Schematic of proposed design of LNG production part.

2.1 Dehydration unit

Figure 2a illustrates the schematic of dehydration unit. Natural gas after passing through the pretreatment systems and removing acid gases enters this unit. Table 1 shows the feed gas conditions. Feed gas stream 43 is combined with recycle stream 42 and then is cooled in two stages (104-E101 and 104E-102). Eighty-eight percent of the water content of stream 31 is removed in inlet separator, 104-D101, and the rest of it is eliminated in molecular sieve adsorbent bed, 104-R101. Stream 35 after decreasing pressure, is splitted into two parts. The first part (93%, stream 36), is warmed by LP steam in 104-E103. Finally stream 51, as the feed gas, enters the ethane recovery unit. The remaining 7% of dried gas, stream 37, is heated in furnace 104-H101 and used for regeneration of molecular sieve bed.

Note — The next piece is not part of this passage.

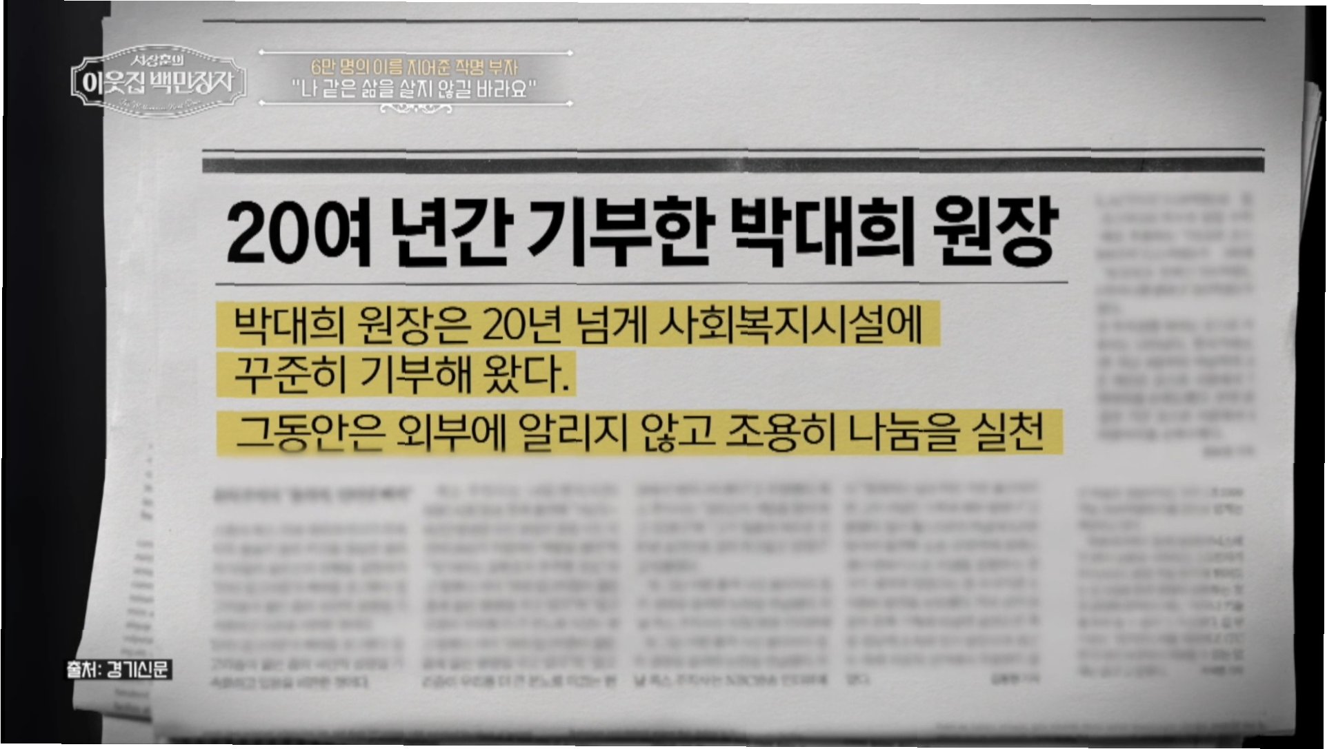 박대희는 어려운 아이들을 위해 20년 넘게 꾸준히 기부를 이어오고 있습니다. '형편이 어려워서 공부를 못했던 저와 같은 아이들이 없기를 바란다'는 마음으로 입학금과 장학금을 지원하고 사회복지시설에도 도움을 주고 있습니다. 특히 대치동 건물에서 나오는 월세를 따로 모아 어려운 아이들을 위한 재단 설립을 준비 중이라고 밝혀, 서장훈으로부터 '정말 대단하시다'는 감탄을 자아냈습니다. 또한, 시청과 연계하여 저소득층 가정 아이들의 이름을 지어주는 재능 기부도 하고 있으며, 보육원 아이들의 이름도 지어주는 방안을 모색하고 있다고 밝혀 훈훈함을 더했습니다.

Accordingly, this stream is moistened and therefore after cooling in air cooler 104-A101, enters regeneration gas separator, 104-D102. The current operating conditions of this unit are shown in Table 2.

Table 1

Properties of the feed gas.

Table 2

Operating and design conditions of the existing NGL plant and added LNG part.

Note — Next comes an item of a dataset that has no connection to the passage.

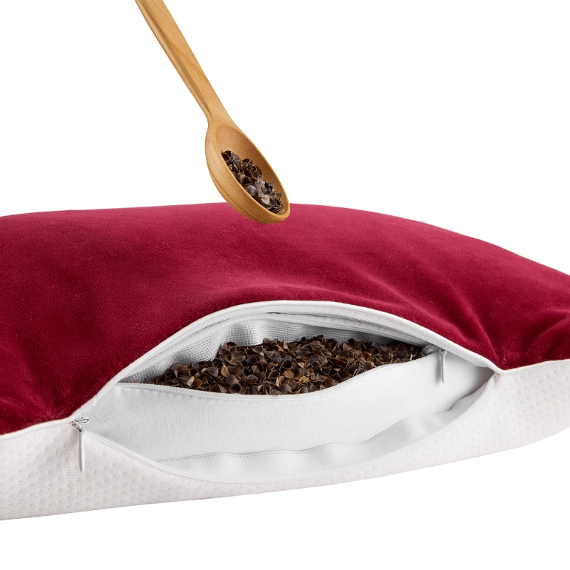 To bardzo proste. Zdejmij zewnętrzny pokrowiec bambusowo-welurowy. Wewnętrzna poszewka posiada zamek błyskawiczny. Rozepnij go i odsyp odpowiednią ilość łuski gryczanej do pojemnika, aż poduszka osiągnie idealną dla Ciebie grubość i miękkość.
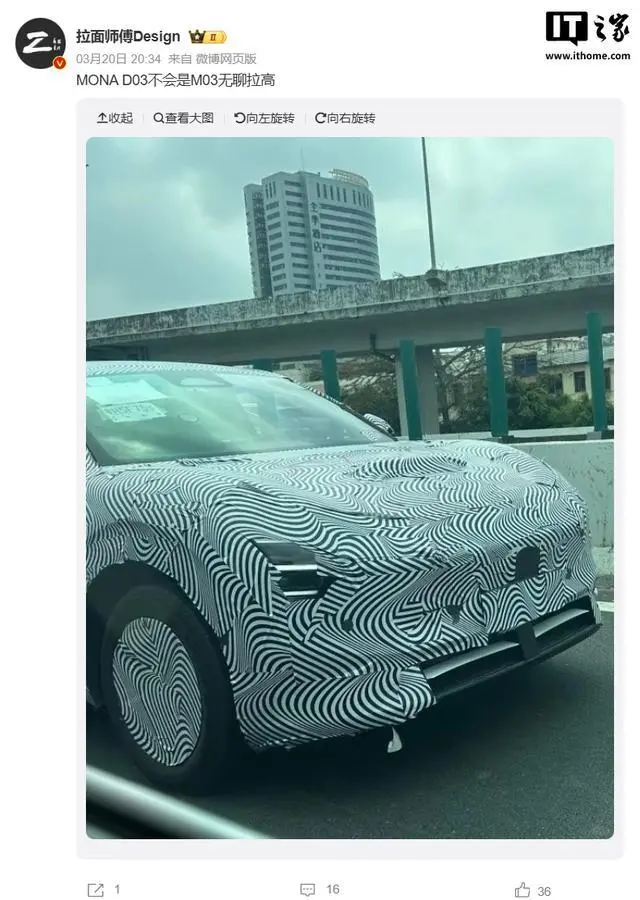 3 月 23 日消息,小鹏 MONA 系列首款 SUV 车型今日在网上曝光了谍照,多位博主称这款车命名可能是 MONA D03,是一款轿跑 SUV。

2.2 Propane refrigeration unit

Propane cycle in the existing NGL plant is used for cooling different parts of the dehydration and ethane recovery units. As can be seen in Figure 2b, propane is compressed in two stages compressor, 111-K101A and 111-K101B. The outlet temperature of the first stage is decreased by mixing with stream 148. While outlet stream of the second stage, stream 149, is cooled by heat exchange with air and ethane in 111-A101 and 105-E106, respectively. This stream is divided into two parts and then their pressure decreased. The first part (85%, stream 142), follows to kettle shell and tube heat exchanger which is modeled by heat exchanger 104-E102 and drum 111-VD101. Stream 143 as the second part follows to 105-E101 and its outlet, stream 257, mixes with vapor outlet of 111-VD101 and then returns to 111-K101B. Liquid outlet of 111-VD101 is splitted into two parts. Part one, containing 33% of liquid outlet, after decreasing pressure is warmed in 105-E101. The remaining part of the liquid outlet of 111-VD101, stream 144, is used to produce cooling in the condenser of deethanizer column, 105-E105, and then with mixing to stream 146 returns to 111-K101A. The current operating conditions of this unit are shown in Table 2.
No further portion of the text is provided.